Example command to register a query: nebuli -t topology.yaml register -x "SELECT * FROM stream INTO sink"

Just like the non-distributed implementation, nebuli will perform parsing and logical optimization. Additionally, it will perform placement of each logical operator and decompose the single query plan into multiple query plans. The decomposed query plans are stitched together using network sources and sinks, making them effectively their own queries.

nebuli will then deploy each partial query plan to the relevant workers, returning a distributed ID.

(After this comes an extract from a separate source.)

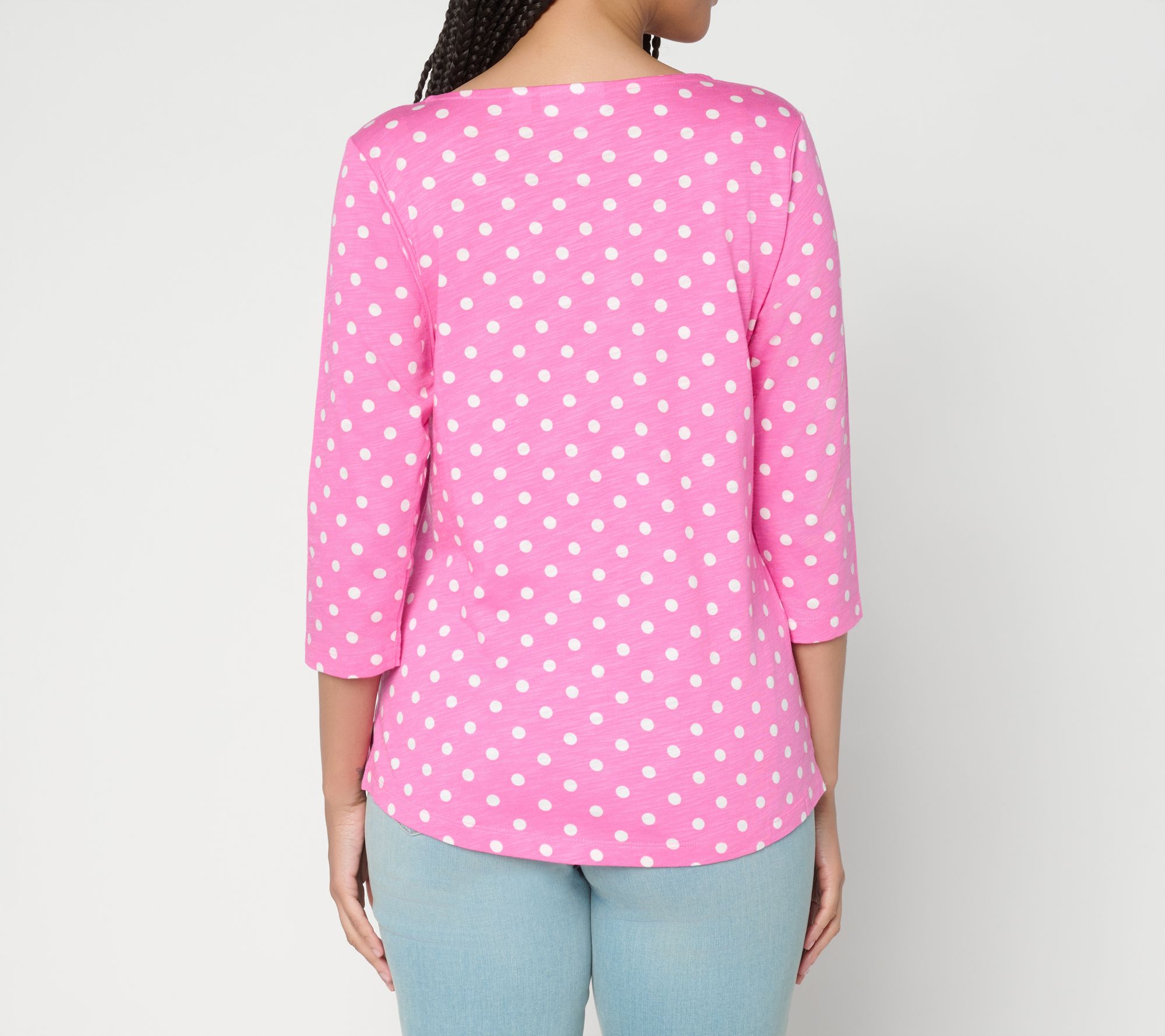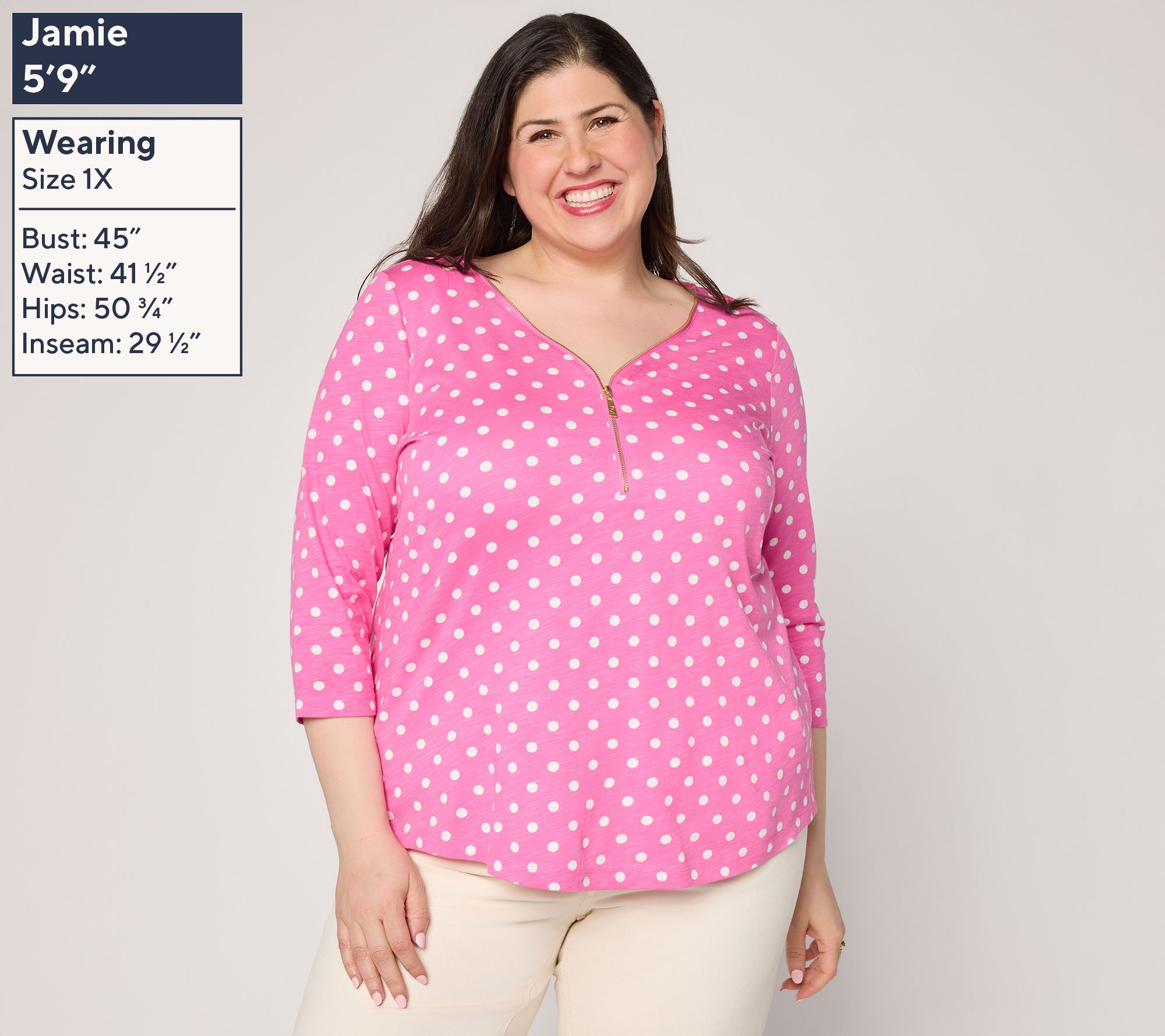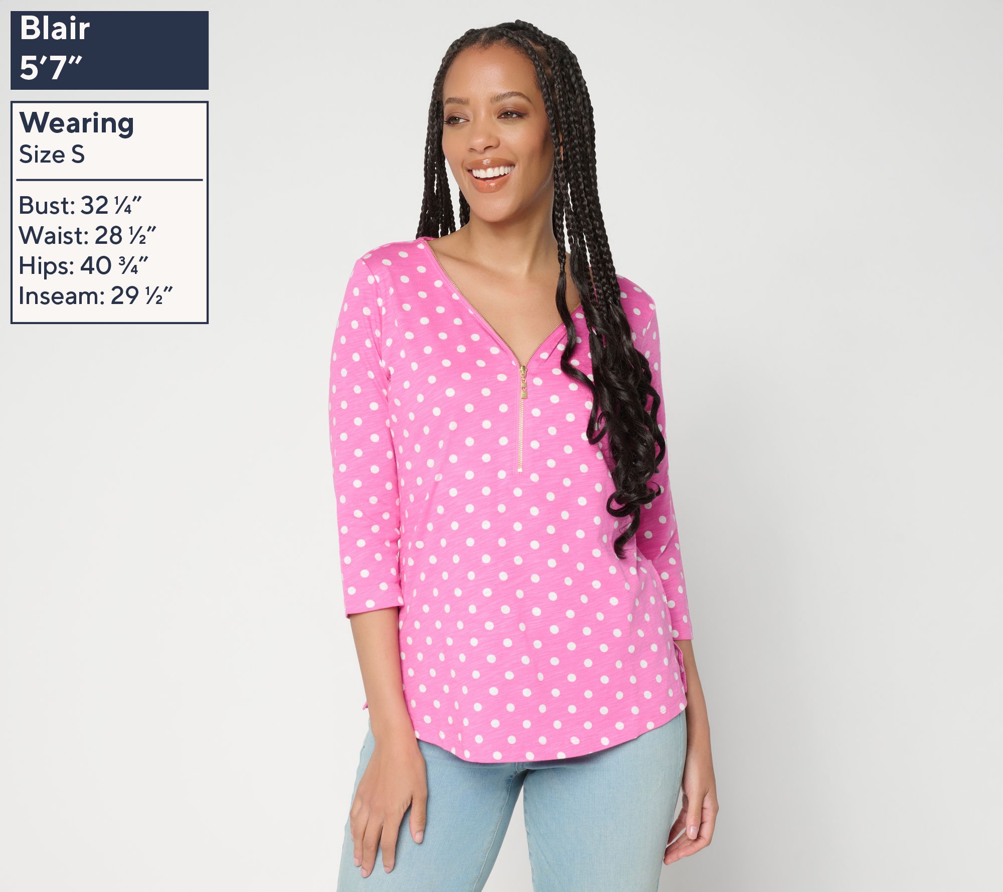 Popping with personality, this knit top is splashed with a playful polka dot pattern. Whether heading out for errands or meeting friends for lunch, it pairs fun style with everyday comfort. The zip-front detail and 3/4-length sleeves make it a toss-on essential for layering or standing out on its own. From Belle by Kim Gravel.

You can observe the state of the individual queries with: nebuli status ID

To stop all queries: nebuli unregister ID

The design document for distributed processing contains additional information and can be found at 20250120_Distributed.md. It describes the data channel implementation as well as the algorithm used for placement decomposition.

Starting Workers in Distributed Mode

By default, NebulaStream workers are not configured for distributed mode. To enable distributed operation, you need to pass two specific arguments when starting a worker:

  • --bind=<address>:<port>: This argument specifies the address and port the worker will listen on. Use 0.0.0.0:<port> to bind to all available network interfaces.
  • --connection=<connection-name>:<port>: This argument specifies the name the worker will use when reaching out to other workers in the distributed topology.

Example: nes-single-node-worker --bind=0.0.0.0:9090 --connection=dns-name:9090 --query...